Two years later, Ashley awakens and discovers that she lost her baby during the coma, Lisa has left her, and she is broke after her paintings were sold to pay her hospital bills. The United States has won the war on terror, and her dark art style has lost all popularity. Sally, Ashley's assistant meanwhile, has become famous and rich as her comics about happy blue bunnies are popular. Ashley now has to work for her former assistant and tries to begin painting again, only to find she physically cannot because of her injuries.

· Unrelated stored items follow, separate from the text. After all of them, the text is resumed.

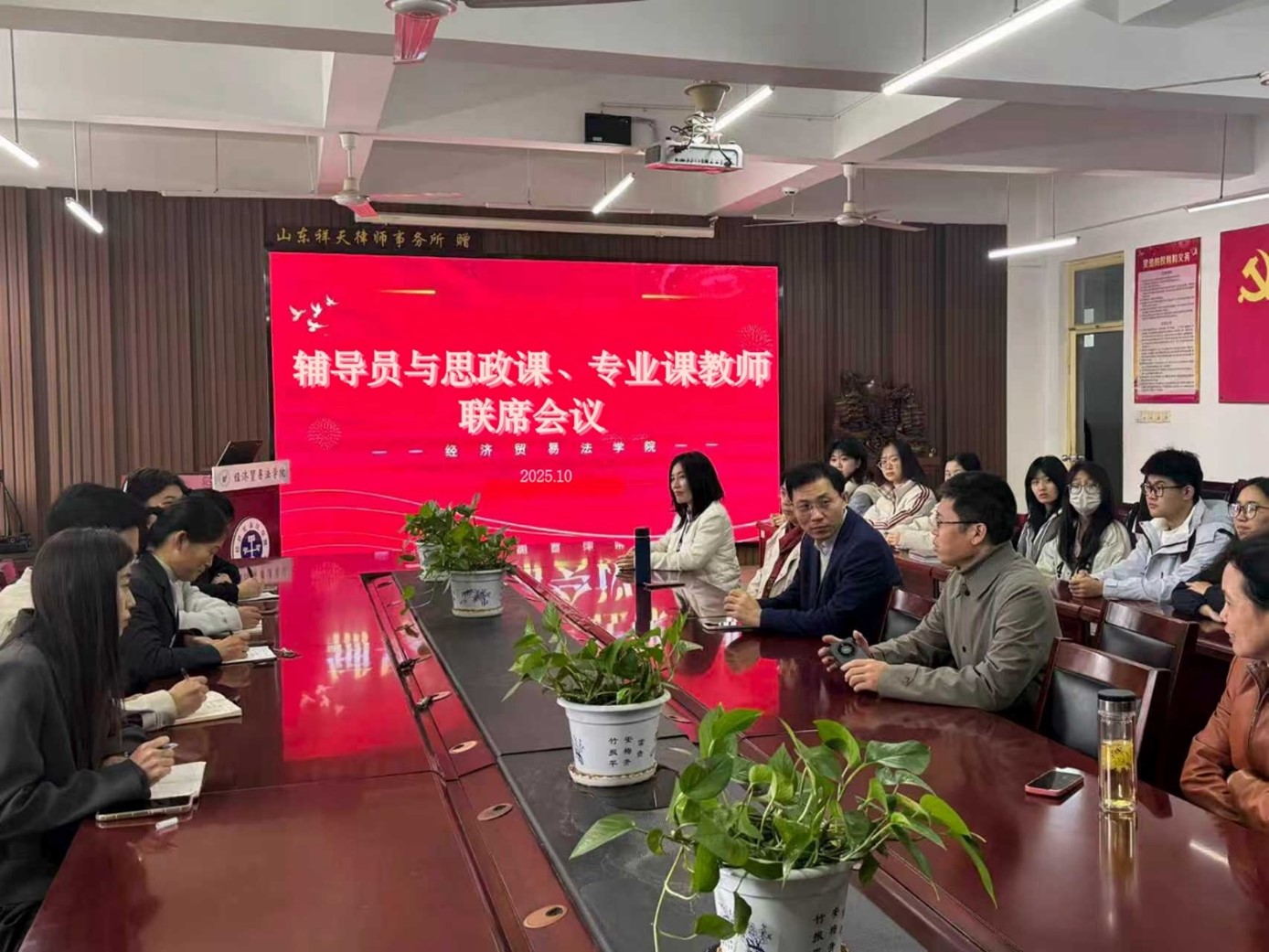 为凝聚育人共识,以饱满的精神状态和扎实的工作成效迎接本科教育教学审核评估,10月23日,经济贸易法学院组织召开辅导员、思政课教师和专业课教师联席会议。学院党委副书记王晓瑜,部分思政课、专业课教师,辅导员,学生代表参加会议。
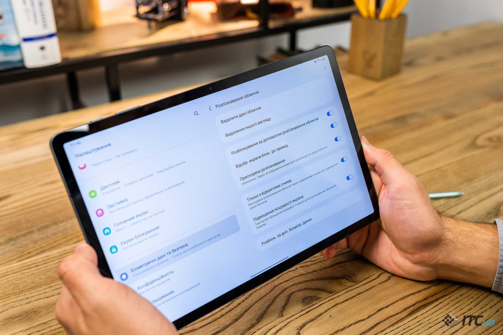 Приставка FE в названии планшета означает Fan Edition, она означает, что модель относится к флагманской линейке, но имеет ряд упрощений. И одним из них стал отказ от сканера отпечатков пальцев, вместо него используется система распознавания лица на основе встроенной фронтальной камеры. Она неплохо справляется с этой задачей, даже когда пользователь носит очки для зрения, но только если держать планшет горизонтально, что не всегда получается, например, когда носишь устройство чехле-книжке.
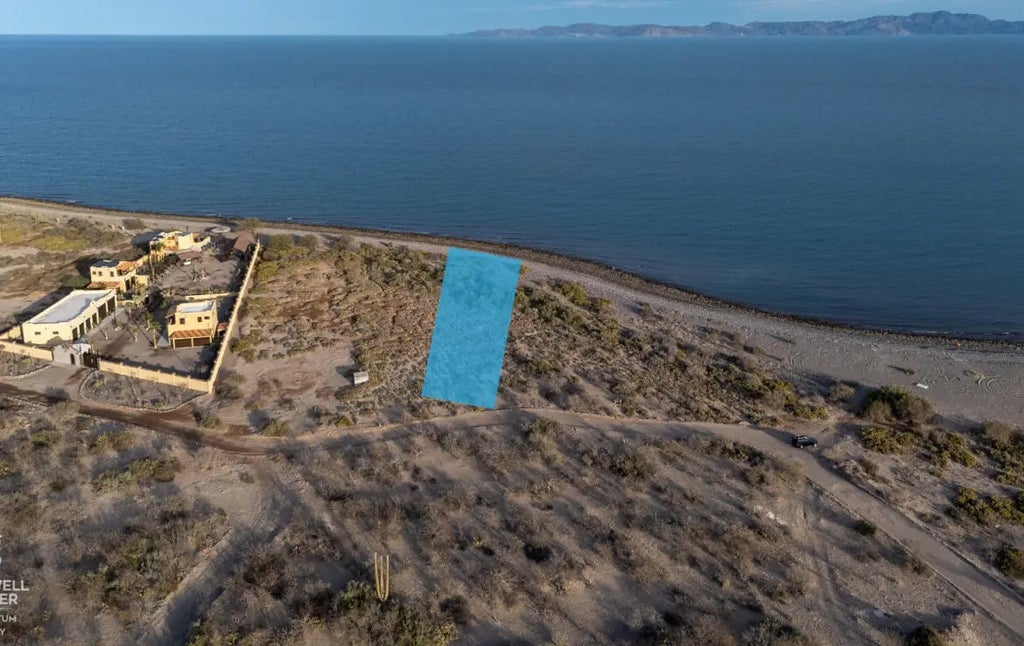 This beachfront lot #66 offers the perfect balance of seclusion and convenience, providing a private haven. Escape to the serene beauty and tranquility of El Bajo, a peaceful, off-the-grid community, with this incredible oceanfront property. Just 7.8 km (4.85 miles) north of downtown Loreto, only a short 20 minute drive away, you can easily enjoy the town's charming culture, dining, and recreational activities, then return to your peaceful oasis. With 26.75 meters (87.7 feet) of pristine waterfront and a generous 117 meters (383.78 feet) in-depth, this 2,356.54m² (25,358.24 ft²) (0.582 acres) lot offers unparalleled space to build your dream home, perfectly positioned to take in unobstructed views of the Sea of Cortez, Coronado Island, the Federal Marine Park, and the majestic Sierra de la Giganta mountains.
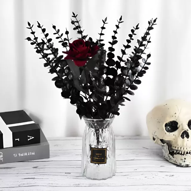 Transform any space with the timeless charm of these black artificial eucalyptus branches. Designed to mimic the natural beauty of real eucalyptus, these stems add a unique touch of sophistication and mystery to your décor. Whether you’re preparing for Halloween, Thanksgiving, or a special celebration, these versatile branches make an unforgettable impression. Their realistic texture and deep black color bring a dramatic yet elegant feel, perfect for creating stylish displays at home or for events.
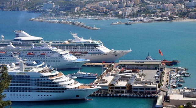 Dünyanın ve Türkiye'nin önemli turizm merkezlerinden Kuşadası’nda Ege Port limanına aynı anda 5 gemi geldi. Bu gemilerle 6 bin 700 turist günübirlik olarak Kuşadası'na giriş yaptı.
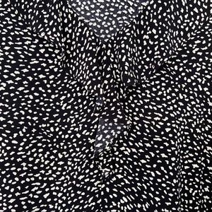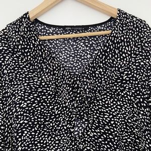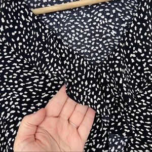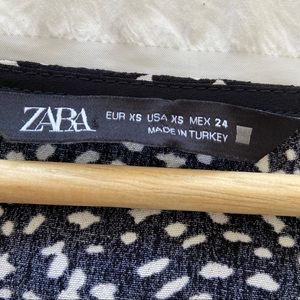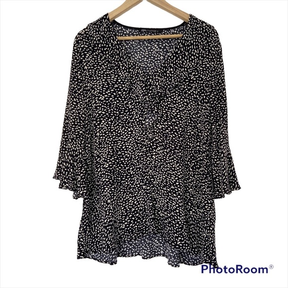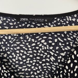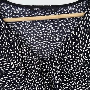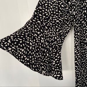 ZARA BLACK/WHITE PRINT PEPLUM TOP/BLOUSE WITH RUFFLE NECK, BELL SLEEVES, XS

Ashley finds a bus ticket to Pennsylvania, realizing it belongs to Veronica, who has been caring for her Aunt Charlie. Ashley suddenly appears, intending to "destroy" her. Veronica makes Ashley breakfast and Ashley accepts, and they discover they have some things in common. Veronica plays Ashley the recordings made by Kip, confessing that watching them makes her feel like her son is still with her, and has helped her overcome her anger towards Ashley. Ashley is moved, but then accidentally spills her water onto the camera. Veronica freaks out, revealing she never backed up the files. They begin fighting, going out into the woods. They end up sitting on the ground punching each other over and over again as they both break down sobbing. Aunt Charlie watches them fight from the window. The video camera suddenly reboots, revealing it was not broken after all.

==Production==
Principal photography on the film wrapped up in late December 2015 in New York City. The film was produced by MPI Media Group's Greg Newman along with Gigi Graff.

==Release==
The film had its world premiere at the Toronto International Film Festival on September 9, 2016. Shortly after, Dark Sky Films acquired distribution rights to the film, and set it for a March 3, 2017, limited release and through video on demand.

==Reception==
On review aggregator website Rotten Tomatoes, the film has an approval rating of 74% based on 61 reviews, and an average rating of 6.1/10. The website's critical consensus reads, "Smart, suitably nasty, and well-cast, Catfight lands narrative punches just as fast and hard-hitting as the physical violence doled out onscreen." On Metacritic, the film has a weighted average score 66 out of 100 based 17 critics, indicating "generally favorable" reviews.